The U.S. tried to maintain military support for Israel in order to help the people of Gaza, while also trying to contain the wider war that has dragged Iran and Israel into direct conflict.
Meanwhile, public opinion in the U.S. has been split largely along partisan lines, with conservatives showing support for Israel, but some people, younger and more liberal, turning out for pro-Palestinian rallies on college campuses.
A Pearson Institute/AP-NORC poll published last week shows that more than half of Democrats agree that Israel bears a lot of responsibility for the continuation of the war in Gaza.
Some Democrats are suggesting that Netanyahu is trying to get Donald Trump elected President of the U.S. by ignoring the peace efforts of the Biden administration. According to a poll by the New York-based Institute for Global Affairs, Trump gets higher marks from voters on foreign policy matters than Vice President Harris.
A year after the Gaza war began, people in Gaza still have the opportunity to live in peace and be with their families if Israel can regain its sovereignty
Fast-forward to last month: In an operation credited to Mossad, Israel’s intelligence agency, in synchronized attacks over two days, electronic pagers belonging to members of Hezbollah suddenly exploded across Lebanon, killing more than a dozen people — including two children — and wounding thousands more, according to Lebanese health authorities.

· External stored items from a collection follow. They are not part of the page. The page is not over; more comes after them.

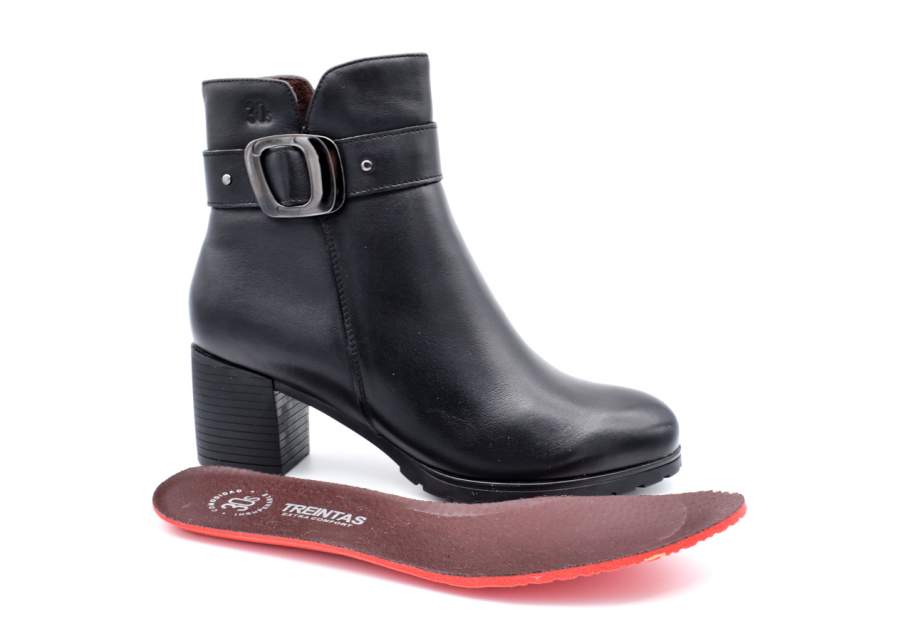 Botín de confort de la marca Treintas. Todo fabricado en piel, de calidad y blanditas. Plantillas extraibles. Botín fabricado con piel napa. Es un botín de tacón medio que tiene un look muy arreglado y de grand confort ya que la base del taón es anchita. Modelo de botín de look atractiva,moderno pero sin perder la esencia del confort. Cremallera lateral para favorecer el calzarse y descalzarse. Piso de goma, antideslizante,con buena base y de buen agarre. Horma ancho 8. Altura de piso, 5 cm aprox.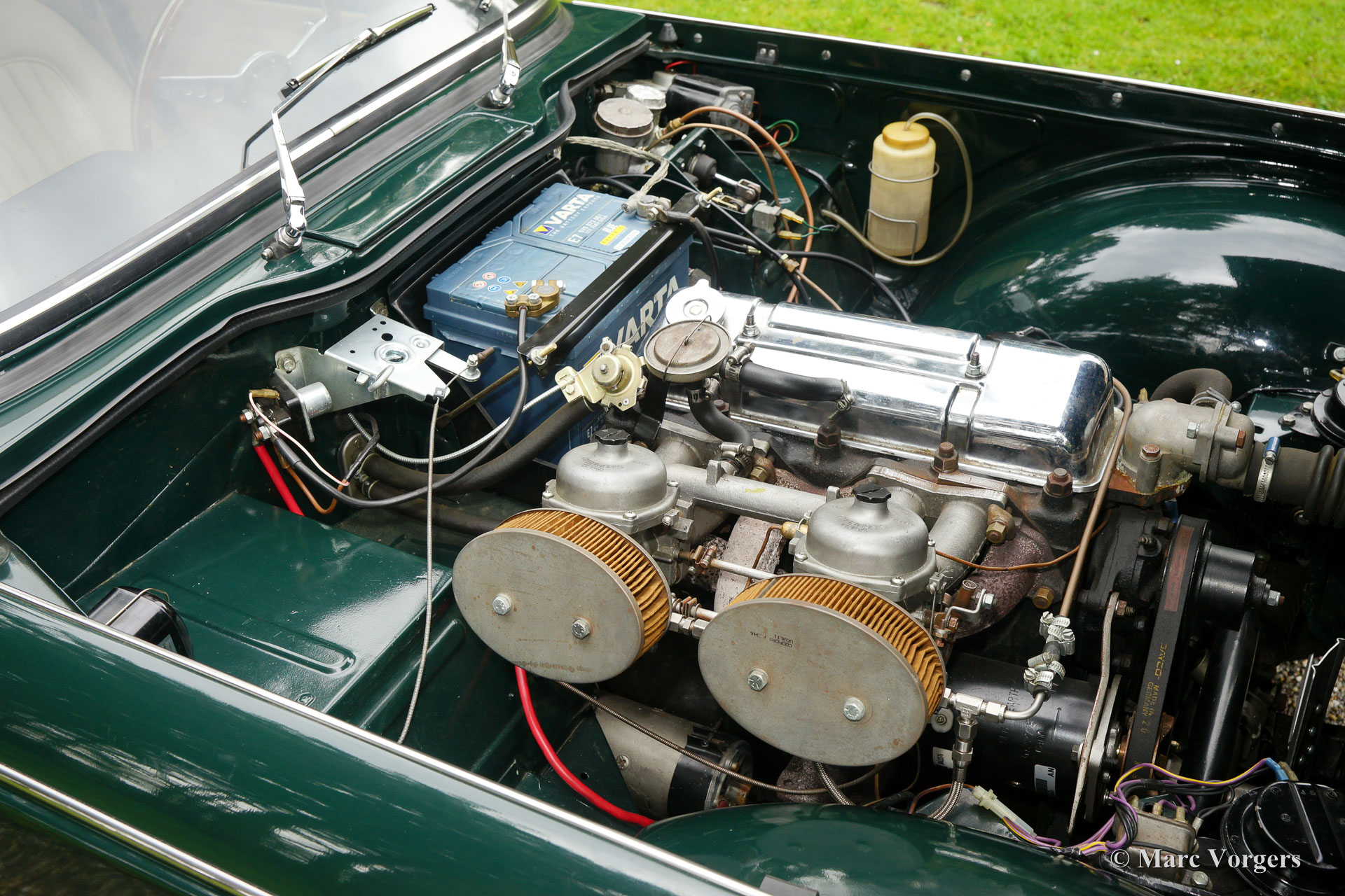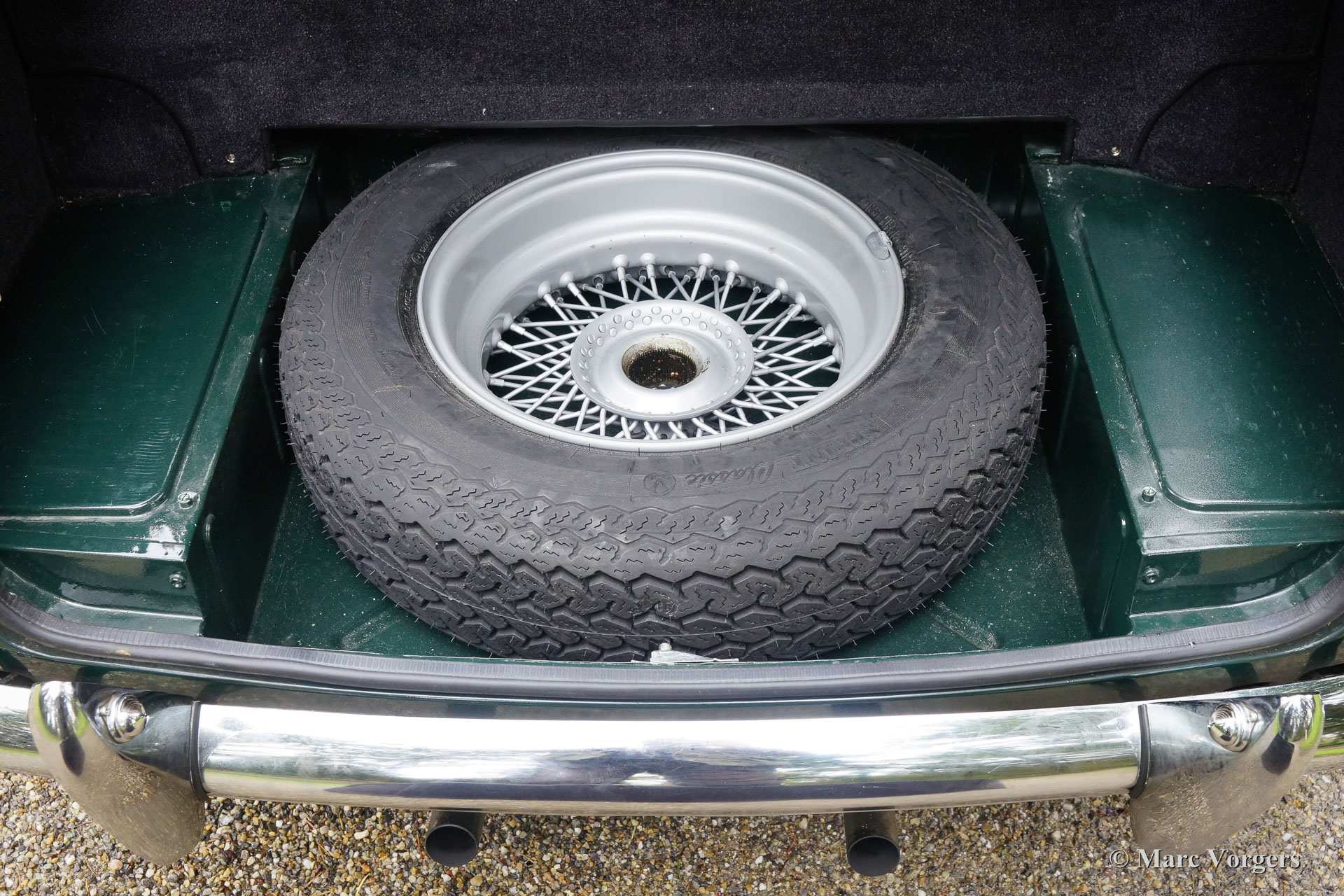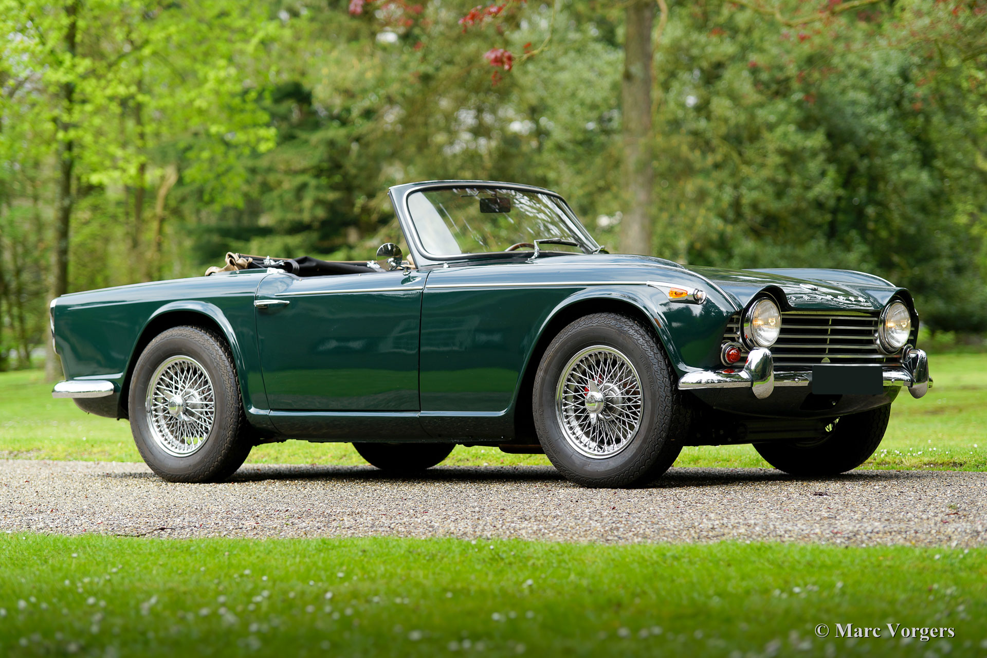 Triumph TR 4A, year 1966. Colour British Racing Green with a beige leather interior trimmed with green piping. Beige carpet and a beige mohair soft-top. This wonderful Triumph TR 4A was extensively and ‘nut & bolt’ restored twelve years ago, photos and a lot of invoices giving insights of the restoration are present. During the restoration, the engine was modified to run on lead-free petrol. This magnificent Triumph TR 4A is in excellent condition with slight signs of use (little hair-scratches in the paint on some spots). The car features chrome wire wheels, a walnut dashboard and a beautiful MotoLita steeringwheel with wood rim. This Triumph TR has been used mainly for holiday trips, the car is ready for sunny adventures with its future owner!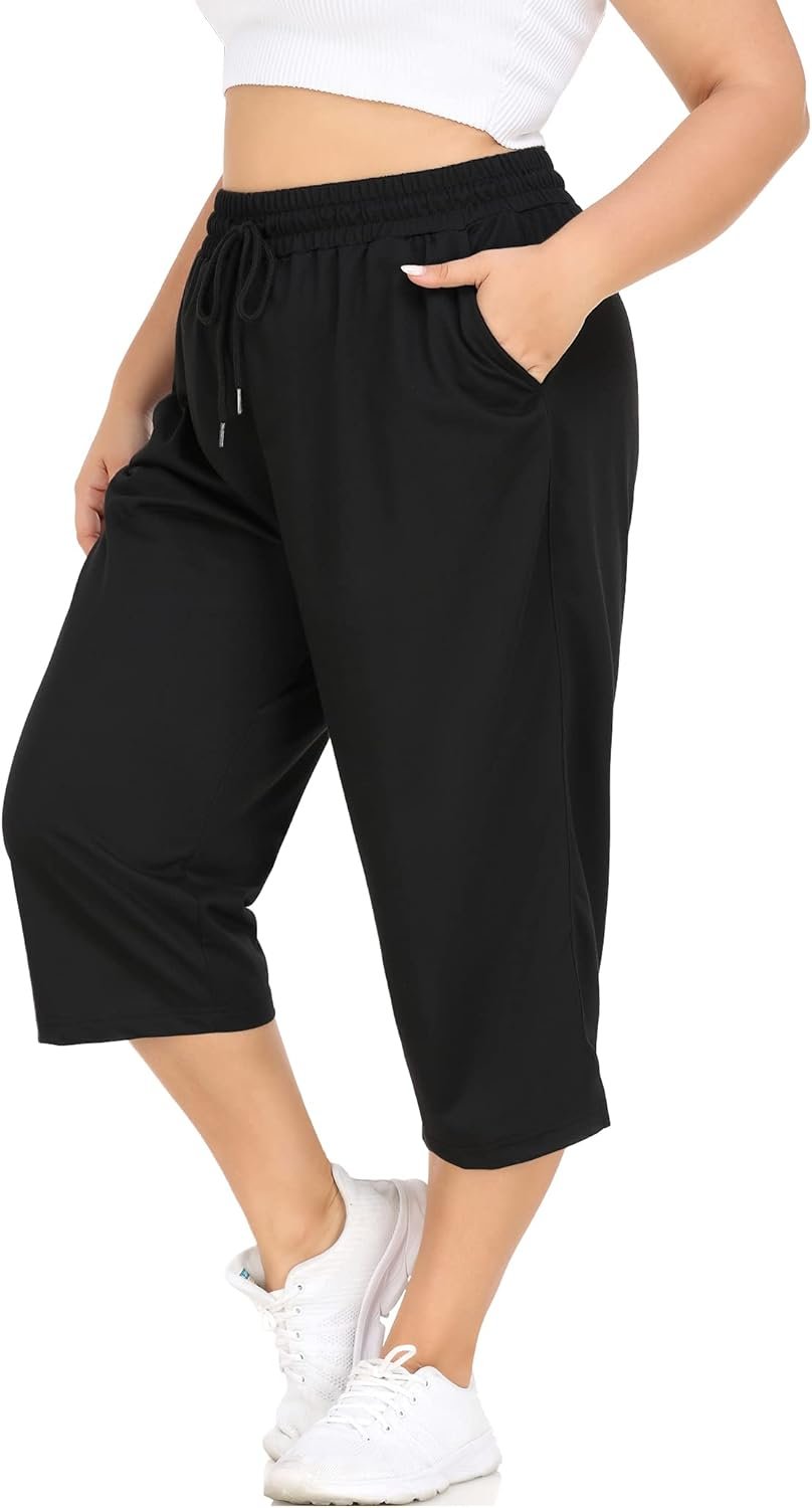 FOREYOND Plus Size Capri Pants for Women Loose Fit Yoga Pants with Pockets Workout Activewear Sweatpants

Multiple residential buildings in southern Lebanon were demolished as Israeli warplanes continued to bomb. Israel said that Hezbollah’s leader, Hassan Nasrallah, died in one of the strikes. Hezbollah confirmed his death.
Hamas, designated a terrorist group by the United States and several other nations, has seen its control over territory in Gaza diminish over the past 12 months, leaving a political and logistical vacuum that international aid groups have struggled to fill.
For people in Gaza, forced displacement is still going on after the cease-fire talks between Hamas and Israel were put on hold.
The father of seven comes from the same area of northern Gaza where civilians were once again ordered to evacuate Monday, and he’s been displaced four times in the last year.
When Hamas-led fighters attacked communities in southern Israel a year ago, they killed more than 1,200 and seized about 250 hostages, according to Israeli officials. Musleh was a teacher on his way to school that day.
He told NPR on Monday he feels empathy for the Israeli hostages held by Hamas — but he blames Israel’s prime minister Benjamin Netanyahu for the suffering both sides have endured, and he insists peace will only be possible if Israeli citizens oust their premier.
Meanwhile, in the West Bank, violence has worsened in the past year between Palestinian militants belonging to Hamas and other armed groups, and Israeli settlers and the Israeli military, which oversees the occupied territory with a vast network of checkpoints and military outposts.
Dozens of Palestinians gathered in the main square of the largest city of the West Bank, waving Palestinian flags and carrying anti-occupation signs.
Basma Abu Sway said she had come to mark one year since the war in Gaza began, and called last Oct. 7 one of the most important days in Palestinian history.
Israel’s actions after Oct. 7 may not lead to an enlarged Occupation of Palestinians, according to the Palestinian Prisoners’ Club
Israeli military forces arrested 45 people across the West Bank from Sunday night to Monday morning, according to the Palestinian advocacy group, Palestinian Prisoners’ Club.
She was in Manara Square on Monday and worried that Israel’s actions after Oct. 7 of last year would cause the Occupation of Palestinians to grow stronger.